Explanation for why the Early Universe was Stable and Dominated by the Standard Model

TL;DR

This paper explains why the early universe was dominated by the Standard Model and stable, proposing that a special coupling between the inflaton and the Higgs leads to rapid decay into the SM, resolving potential instabilities.

Contribution

It introduces a natural mechanism involving a super-renormalizable inflaton-Higgs coupling that stabilizes the Higgs potential and explains the SM's dominance in the early universe.

Findings

The Higgs potential instability is resolved during and after inflation.

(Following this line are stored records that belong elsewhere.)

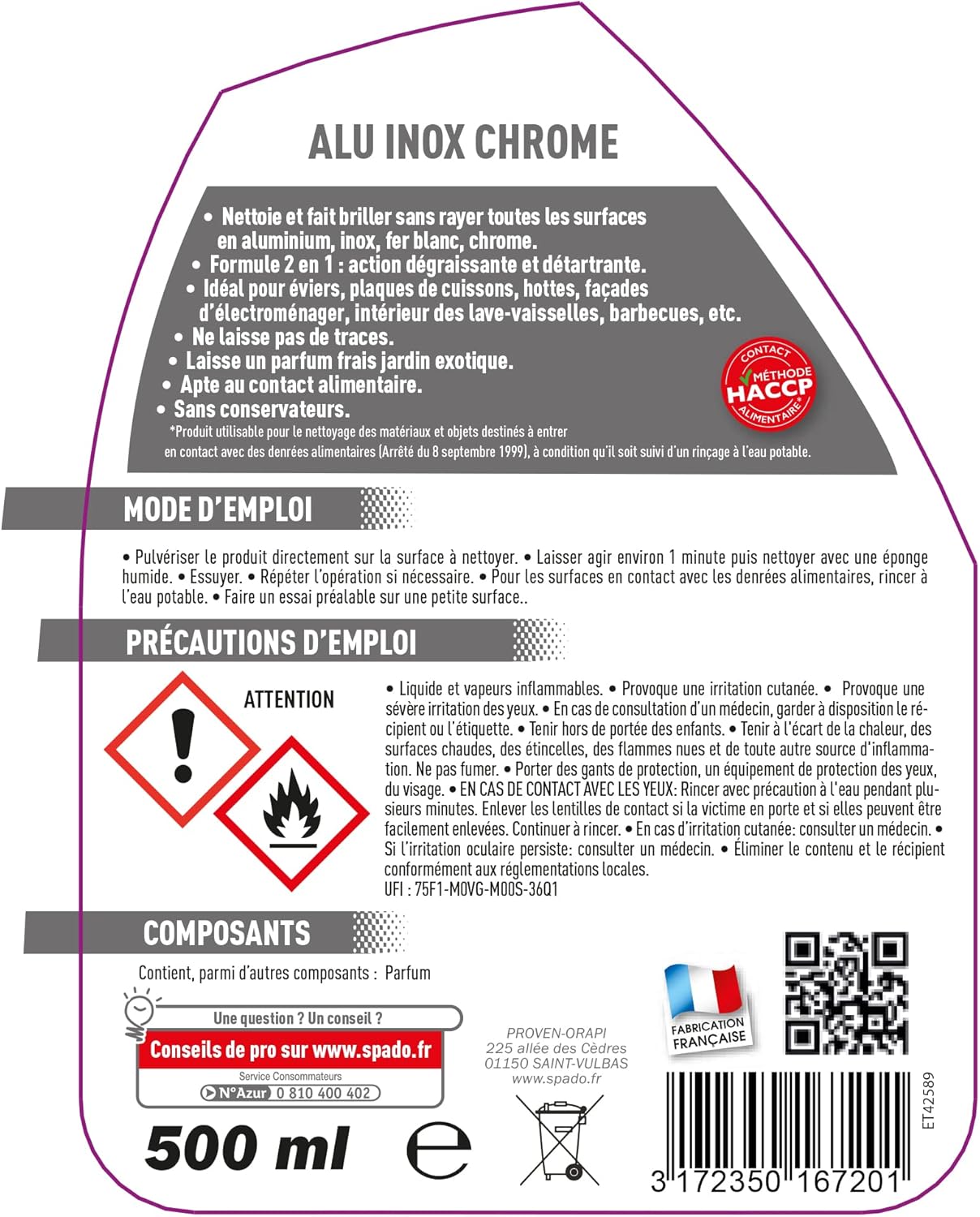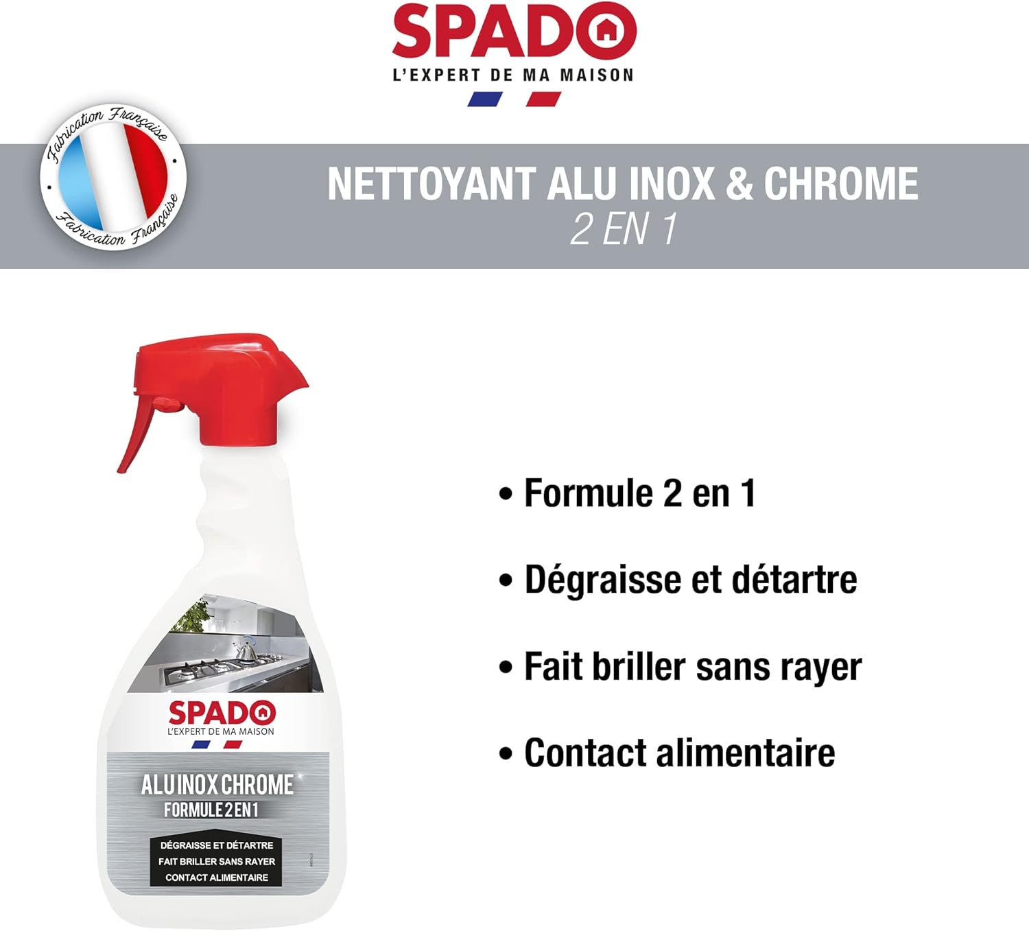Le nettoyant SPADO Alu Inox Chrome nettoie, dégraisse, détartre et fait briller sans rayer toutes les surfaces en aluminium, inox, fer blanc, chrome. Idéal pour éviers, plaques de cuissons, hottes, façades d’électroménager, intérieur des lave-vaisselles, barbecues, etc. Assure une protection longue durée des surfaces, notamment contre les traces de doigts. Ne laisse pas de traces. Laisse un parfum frais jardin exotique. Sans conservateurs. Conforme à la réglementation relative aux produits de nettoyage pouvant se trouver au contact de denrées alimentaires.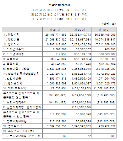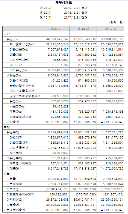 자산이 증가하고 부채가 감소하였습니다. 부채의 자산대비 비중은 적은 편은 아니네요.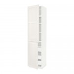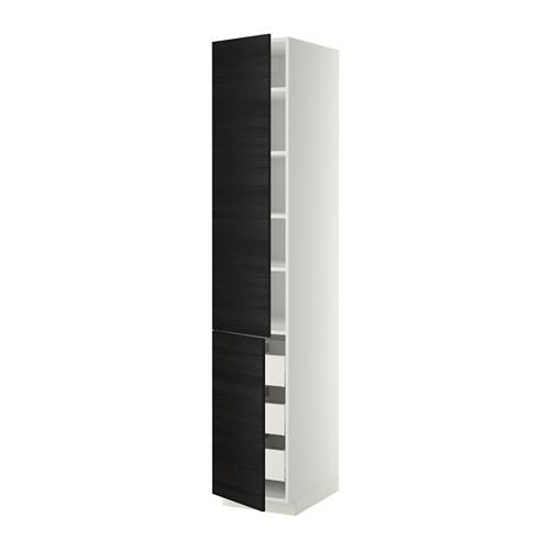 МЕТОД / МАКСИМЕРА Высокий шкаф+полки/3 ящика/2 дверцы - белый, Тингсрид под дерево черный, 40x60x220 см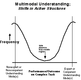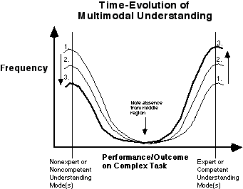 Figure 7 depicts shifts in understanding of the sort expected under the constructivist model outlined earlier. This general fit is important but so, too, is the fact that the ways of thinking associated with the non-expert modes of thinking can be ide ntified readily and investigated carefully (see Stroup, 1994, 1996). These other forms of understanding are as important to the work of cognitive researchers and educators as are the forms of understanding typically identified as expert or competent. In creasingly sophisticated and nuanced forms of rendering results can be drawn for the purposes of analysis that move well beyond the rather limiting capabilities associated with various parametric statistics.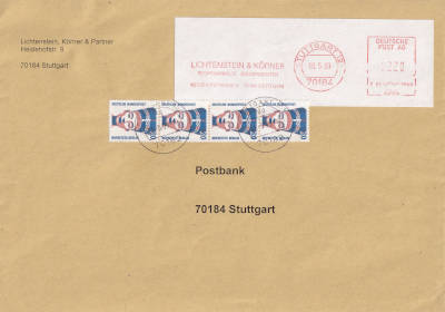 Inlandsbrief frankiert mit 4 Briefmarken und einem Absenderfreistempel |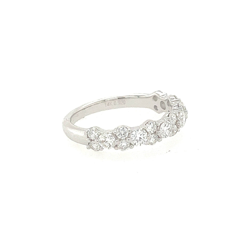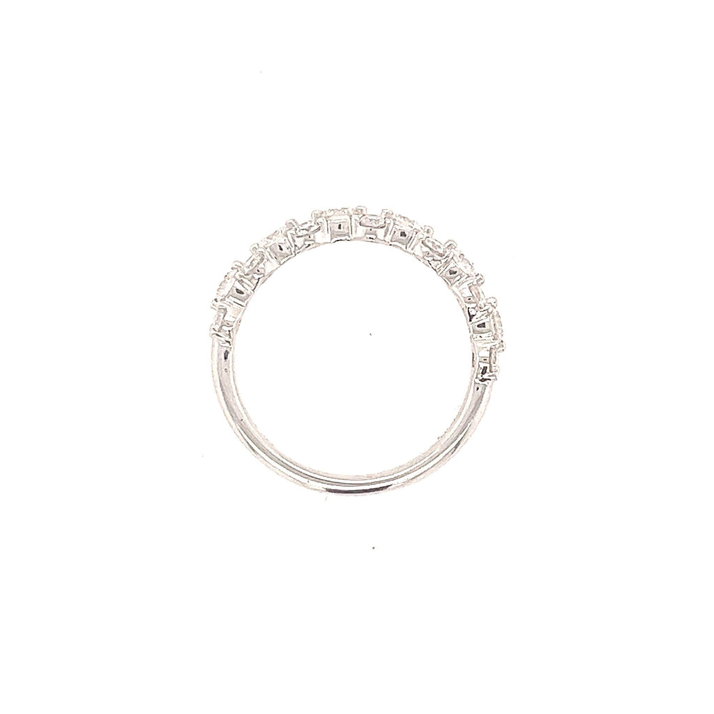 This stunning shared prong diamond wedding band is such a thoughtful wedding ring, anniversary or birthday gift. Beautifully made from 14-karat white gold, it's set with a row of diamonds interspersed with the striking diamond stations. Stack yours with similar styles.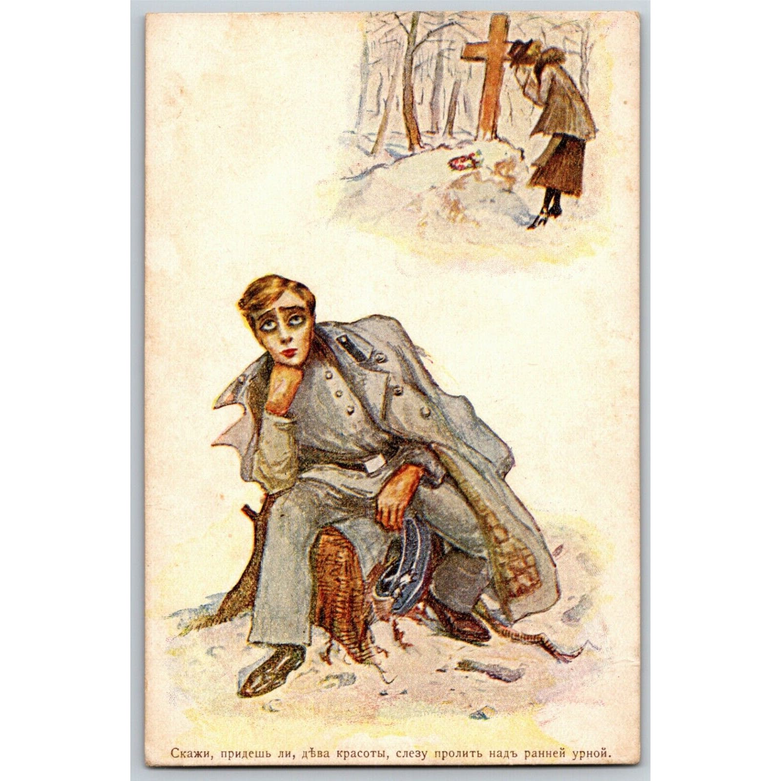 c1914-18 Russian Military Art Postcard - Will You Shed a Tear Over an Early Urn?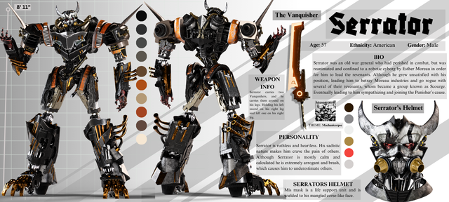 An updated design of my very first transformer character. He is an elderly bot with many centuries of war experience that refuses to retire in spite of his situation. Quite durable, he has put up with many beatings, with one being so severe that it sent him to death. But after being revived, his permanent injuries left an irremovable effect on his physical spark, resulting in frequent attacks and pains. Due to a lack of supplies and research, his medic and amica endura, Agate, has not been able to fix him, and is unsure if it is possible.Sprucehook is a wise old man that plays the game by his own rules and needs no one to tell him how to do his job. But sometimes this interferes with the poor relationship him and his captain have. He is friendly and loves to socialize, but appreciates his space and having plenty of time to relax and nap, becoming a grump if he is deprived from rest or has been putting up with too much of someones' irrationality. One of his top passions is music, especially from Earth radio, as listening to it helps with treating his PTSD.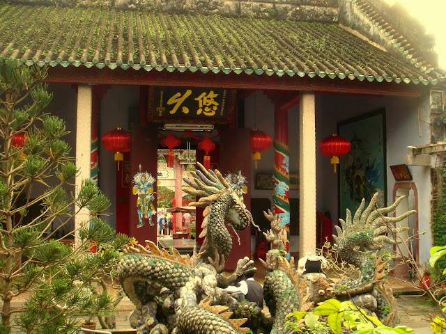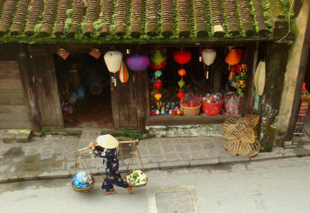 Je retourne dans les vieilles rues pour visiter ces vieilles maisons qui datent de l'époque de la route de la soie, époque ou Hoi An était un petit port prospère et qui depuis s'est ensablé et à laisser la prospérité à sa voisine Da Nang. Pas moins de 800 bâtiments historiques sont répertoriés dans la ville et le plus amusant est de la plupart des toits ont des tuiles en forme de ying et yang. Pour un meilleur écoulement des eaux, ils alternent les tuiles tantôt convexes et tantôt concaves. Ca améliore l'écoulement des eaux mais aussi protège les habitants de la maison. Preuve que ça marche, ces maisons n'ont jamais été bombardées.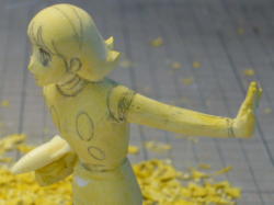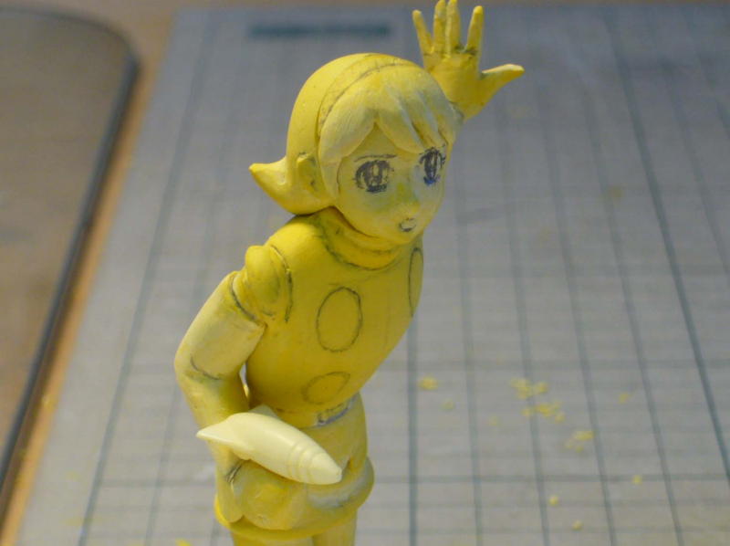 1/15の原寸大に縮小コピーしたイラストをガイドにポーズの変更。頭部が大きすぎるので一回り小型化。髪型もかなりショートにしました。 |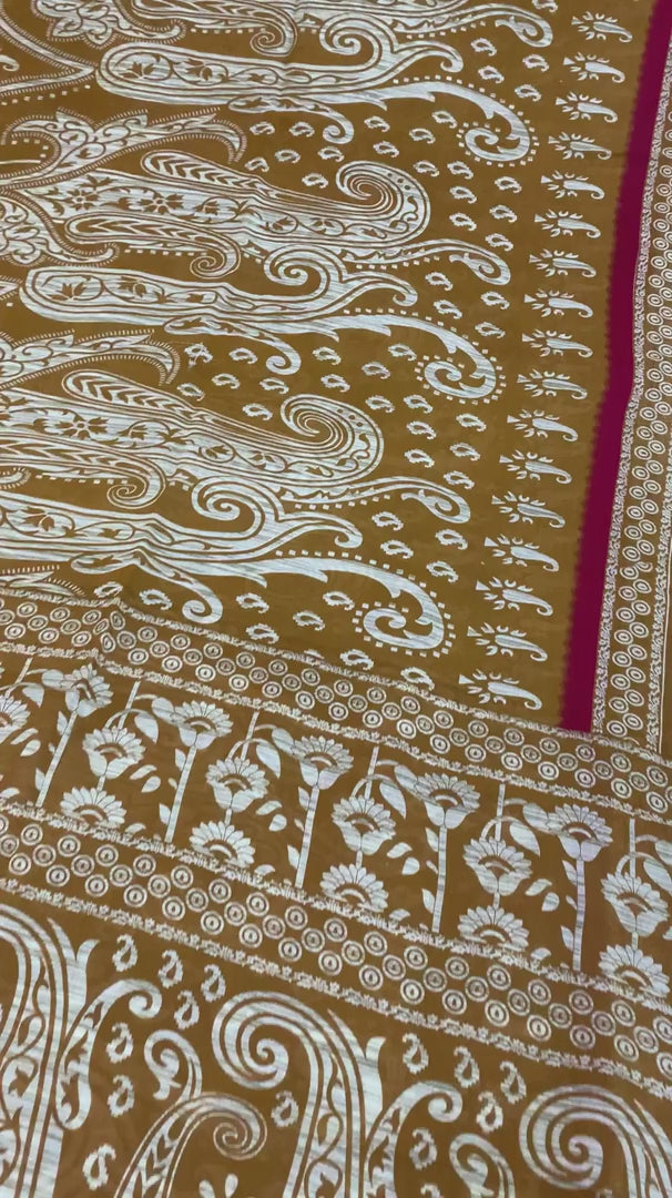 VARENS FARVE ELLER NUANCE KAN VÆRE MØRKERE ELLER LYSERE END BILLEDET. Attraktiv sari i ren bomuld med tryk i safranfarvet. Pallu & Border har trykt blomster- og paisleydesign. Lignende design i den midterste del af sarien. Denne unikke vintage sari kan bruges til forskellige kreative idéer, selvom du ikke ønsker at bruge den som sari. Design en kjole, brug den som vinduesdekoration, polstring, saronger, tæppe, kjolesyning og bordlinned og meget mere. Lad dine kreative safter flyde, og brug dette dekorerede stof på mange måder. Forsendelsesnotat: Internationale købere bedes bemærke: Importafgifter, skatter og gebyrer er ikke inkluderet i varens pris eller portoomkostninger. Disse gebyrer er købers ansvar. Kontakt venligst dit lands toldkontor for at finde ud af, hvad disse ekstra omkostninger vil være, inden du byder eller køber. Køber betaler told/skat. Det beregnes og opkræves forskelligt fra land til land. Som sælger har jeg ingen kontrol over det. Moms eller salgsafgift beregnes af platformen ved kassen. Toldgebyret skal betales ved levering. PCS-6932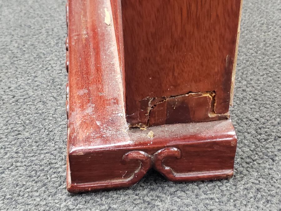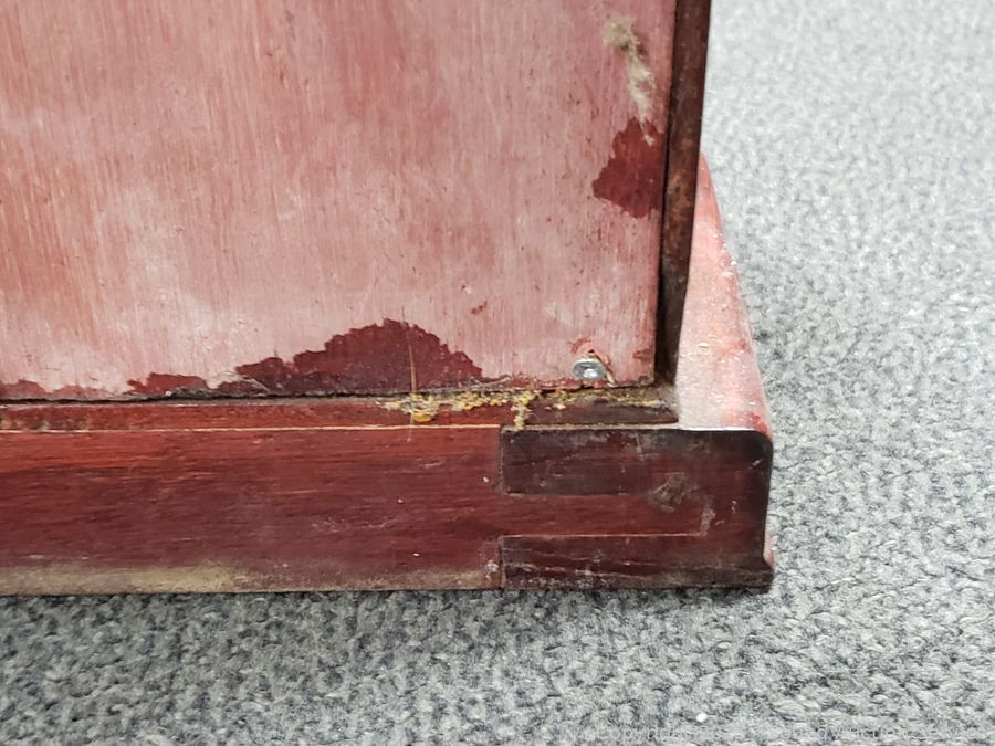 Door is not attached, missing glass, bottom right corner has been repaired at one time. Some scuffs, wear from use. 31" H x 19.5" W x 3.5" D.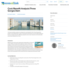 Middle schoolers, in groups, take various roles in evaluating the costs/benefits of the Three Gorges Dam project on the Yangtze River in China.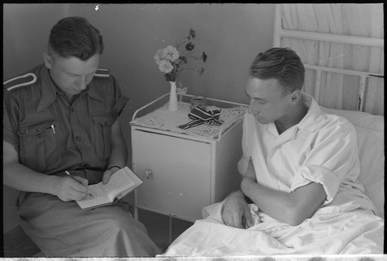 Dans un hôpital militaire, portrait de Josef Wenigmann du Sturzkampfgeschwader 3 (I-StG-3) récipiendaire de la croix de chevalier de la croix de fer (Ritterkreuz).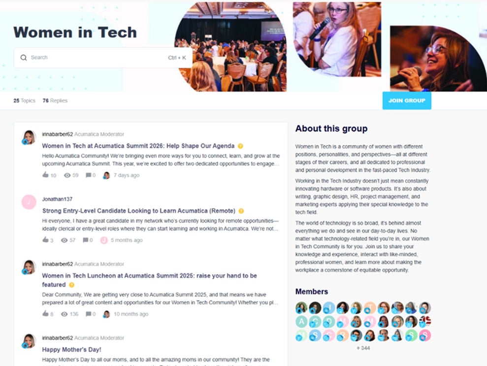 Acumatica Community Women In Tech Forum, a dedicated space for women to share their knowledge and experience, learn from and support one another, and transform the technology field into a cornerstone of equitable opportunity.

The SM's dominance is naturally explained by the inflaton-Higgs coupling.

Dark matter can form in hidden sectors through subsequent dynamics.

Abstract

The Standard Model (SM) possesses an instability at high scales that would be catastrophic during or just after inflation, and yet no new physics has been seen to alter this. Furthermore, modern developments in quantum gravity suggest that the SM degrees of freedom are not unique; that a typical low energy effective theory should include a large assortment of hidden sector degrees of freedom. It is therefore puzzling that cosmological constraints from BBN and CMB reveal that the early universe was almost entirely dominated by the SM, when the inflaton $\phi$ could have decayed into many sectors. In this work we propose the following explanation for all of this: we allow the lowest dimension operators with natural coefficients between the inflaton and both the Higgs and hidden sectors. Such hidden sectors are assumed to be entirely natural; this means all unprotected masses are pushed up to high scales and project out of the spectrum, while only massless (or protected) degrees of freedom remain, and so the inflaton can only reheat these sectors through higher dimension (and suppressed) operators. On the other hand, the SM possesses a special feature: it includes a light Higgs $H$, presumably for life to exist, and hence it allows a super-renormalizable coupling to the inflaton $\phi H^\dagger H$, which allows rapid decay into the SM. We show that this naturally (i) removes the instability in the Higgs potential both during and after inflation due to a tree-level effect that increases the value of the Higgs self-coupling from the IR to the UV when one passes the inflaton mass, (ii) explains why the SM is dominant in the early universe, (iii) allows dark matter to form in hidden sector/s through subsequent dynamics (or axions, etc), (iv) allows for high reheating and baryogenesis, and (v) accounts for why there so far has been no direct detection of dark matter or new physics beyond the SM.